Nitrogen fertilization is a common soil amendment; however little is known about how surface and belowground wood decomposition are affected by N amendments. We analyzed data from a field study in Norrliden, Sweden where the mass loss of trembling aspen (Populus tremuloides Michx.) and loblolly pine (Pinus taeda L.) wood stakes was recorded for three years. Wood stakes were placed horizontally on the surface of the organic horizon and at the interface between the mineral and organic horizons and inserted vertically into the mineral soil in plots treated with different amounts of ammonium nitrate fertilizer (no nitrogen (control), 60 kg ha-1 (N1), 120 kg ha-1(N2)). Fungi colonizing the wood stakes were also analyzed. Mass loss was greater in the mineral soil for aspen and pine stakes compared to surface stakes and N treatment only affected stakes placed on the surface. Nitrogen treatment did not affect fungal richness, but it did affect fungal community composition. Overall, N treatment had minimal effect on coarse woody debris (CWD) decomposition and CWD decomposition appeared to be driven more by microclimatic conditions of the soil as related to soil depth.
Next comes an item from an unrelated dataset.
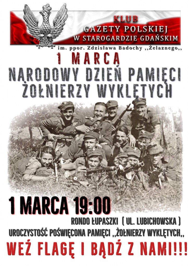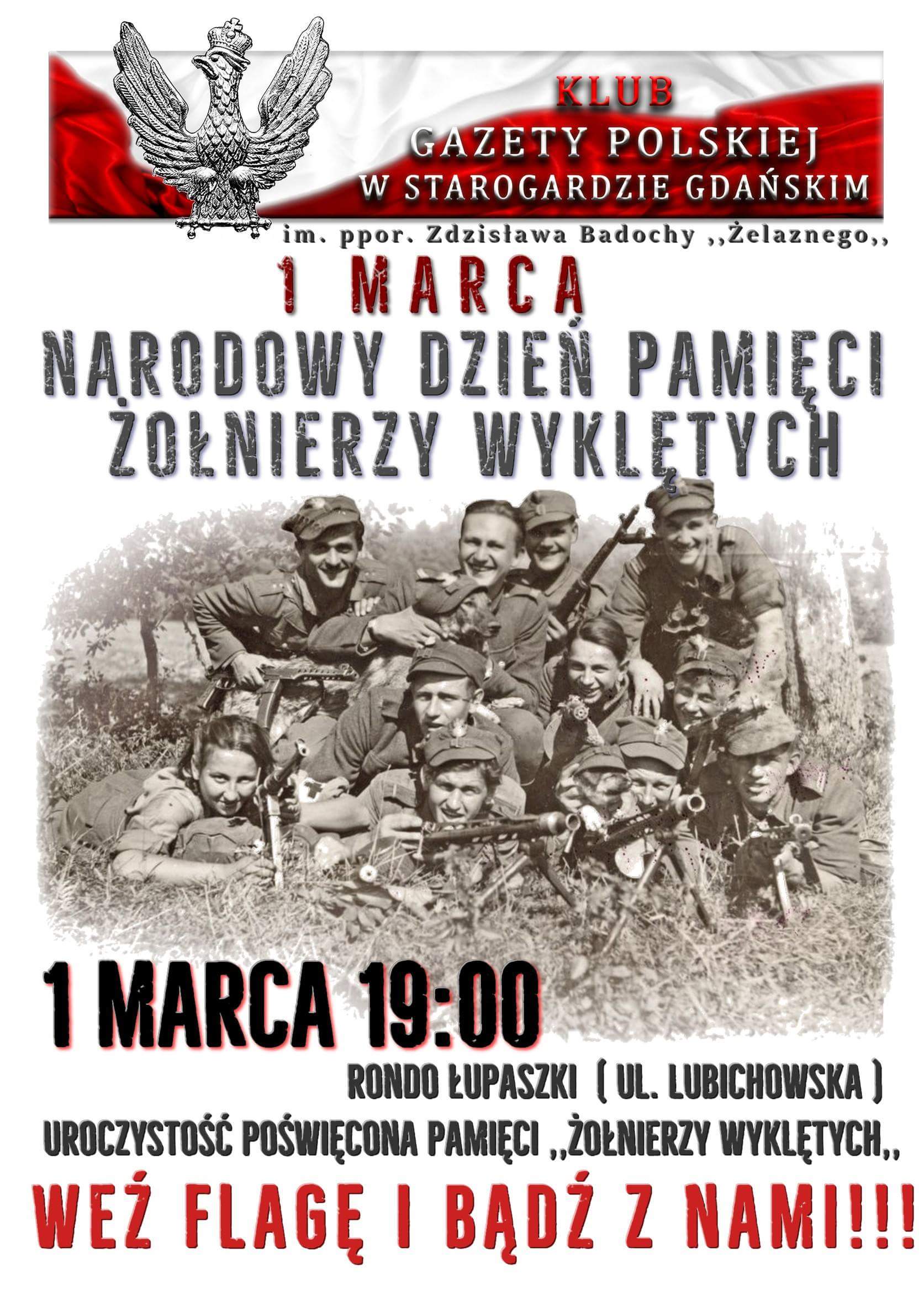 Narodowy Dzień Żołnierzy Wyklętych, został uczczony przez Klub Gazety Polskiej Stargard Gdański na rondzie mjr Zygmunta Szendzielarza ” Łupaszki”. Pomimo siarczystego mrozu w wydarzeniu wzięło udział ok 200 osób.

Microbial communities are important drivers of decomposition and the ability to link community structure to function will strengthen our understanding of their role in C and nutrient cycling. We used microcosms to study how seven different microbial communities sourced from areas with different vegetative cover decomposed the same litter by recording mass loss, respiration, and total volatile organic compound (VOC) production weekly for 12 weeks. We sampled microbial community composition at four time periods during the 12-week study. Mass loss was more related to fungal community as a whole while respiration and total VOCs were more related to the fungal class Sorardiomycetes. Microbial communities remained compositionally distinct throughout the study and were related to differences in decomposition, respiration, and total VOC production, suggesting that microbial communities are not functionally redundant. Because of the differences observed in total VOCs and community composition, we propose that microbial community structure could be studied via VOC production.